> What to produce
Nothing in the copy should be a picture; everything else in the listing is to be restated exactly.

> Information provided
<<<<
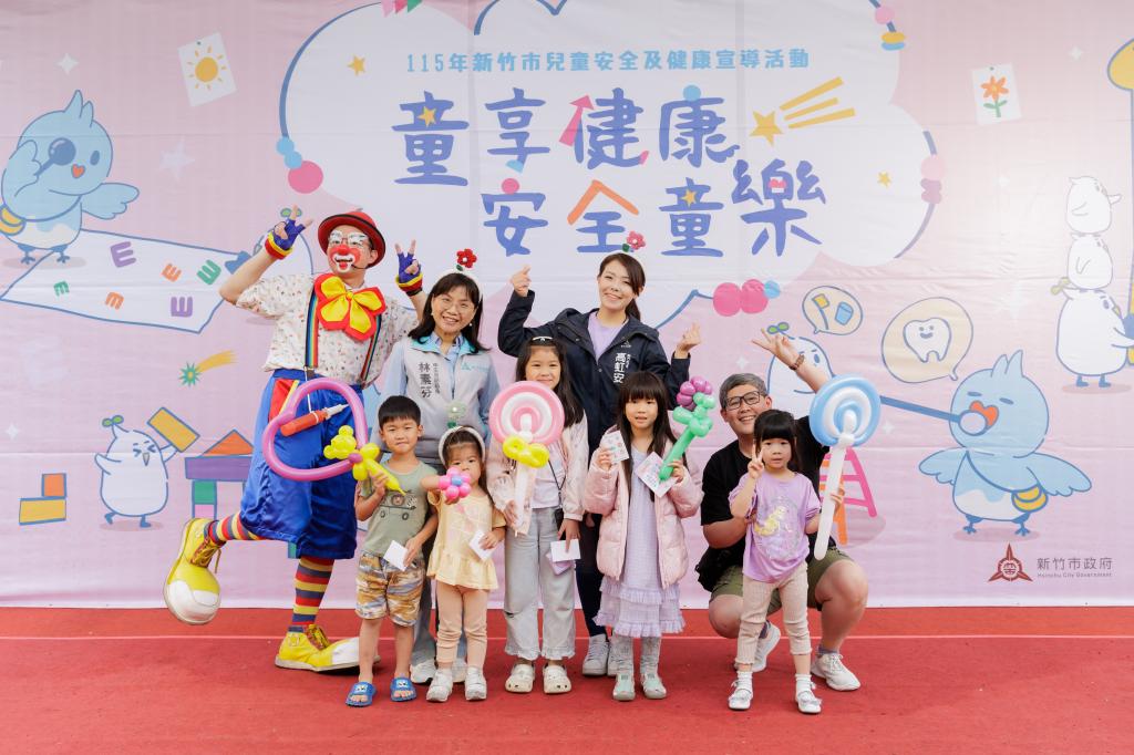 大手牽小手,守護成長趣!新竹市政府推動115年新竹市「童享健康.安全童樂」系列活動,繼首場於動物園廣受好評後,第二場今(4/25)日於北大公園熱鬧登場。活動由小丑彥彥帶來活潑逗趣的氣球表演揭開序幕,市長高虹安到場與市民朋友同樂,同時,高市長並親自送上康乃馨給親子提前祝福市民母親節快樂,現場互動熱絡且笑聲不斷,營造溫馨歡樂的週末時光,也讓安全教育在潛移默化中融入日常生活。
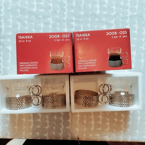 Iittala sininen lasinen teekuppisetti, jossa on metalliset pidikkeet. Soveltuvat kuumien juomien tarjoiluun. Kupit ovat sinisen sävyisiä ja niiden metalliset pidikkeet helpottavat käsittelyä kuumana.
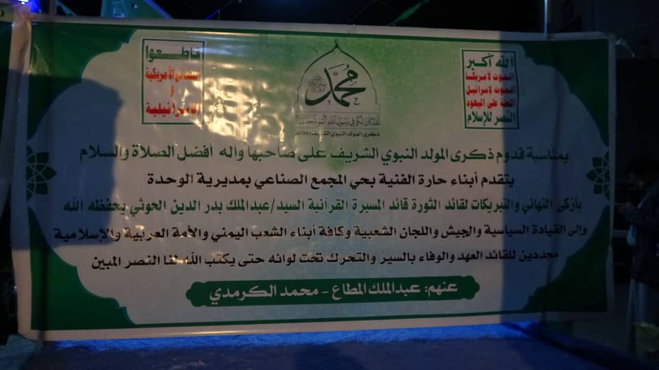 ابنا حارة الفنية بمديرية الوحدة يقيمون امسية احياء وابتهاجا بقدوم ذكرى مولد الرسول الأعظم محمد صلى الله عليه وآله وسلم.
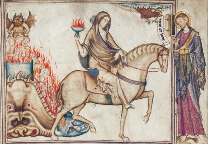Рис. 10. Всадник на бледном коне по имени Смерть несет в своей руке чашу с адским пламенем. Позади него – разверзшаяся пасть ада, куда чёрт запихивает грешников. Франция, конец XIII в. Paris. Bibliothèque nationale de France. Lat. 14410, fol. 11r.
>>>>
> The completed task
 大手牽小手,守護成長趣!新竹市政府推動115年新竹市「童享健康.安全童樂」系列活動,繼首場於動物園廣受好評後,第二場今(4/25)日於北大公園熱鬧登場。活動由小丑彥彥帶來活潑逗趣的氣球表演揭開序幕,市長高虹安到場與市民朋友同樂,同時,高市長並親自送上康乃馨給親子提前祝福市民母親節快樂,現場互動熱絡且笑聲不斷,營造溫馨歡樂的週末時光,也讓安全教育在潛移默化中融入日常生活。
 Iittala sininen lasinen teekuppisetti, jossa on metalliset pidikkeet. Soveltuvat kuumien juomien tarjoiluun. Kupit ovat sinisen sävyisiä ja niiden metalliset pidikkeet helpottavat käsittelyä kuumana.
 ابنا حارة الفنية بمديرية الوحدة يقيمون امسية احياء وابتهاجا بقدوم ذكرى مولد الرسول الأعظم محمد صلى الله عليه وآله وسلم.
Рис. 10. Всадник на бледном коне по имени Смерть несет в своей руке чашу с адским пламенем. Позади него – разверзшаяся пасть ада, куда чёрт запихивает грешников. Франция, конец XIII в. Paris. Bibliothèque nationale de France. Lat. 14410, fol. 11r.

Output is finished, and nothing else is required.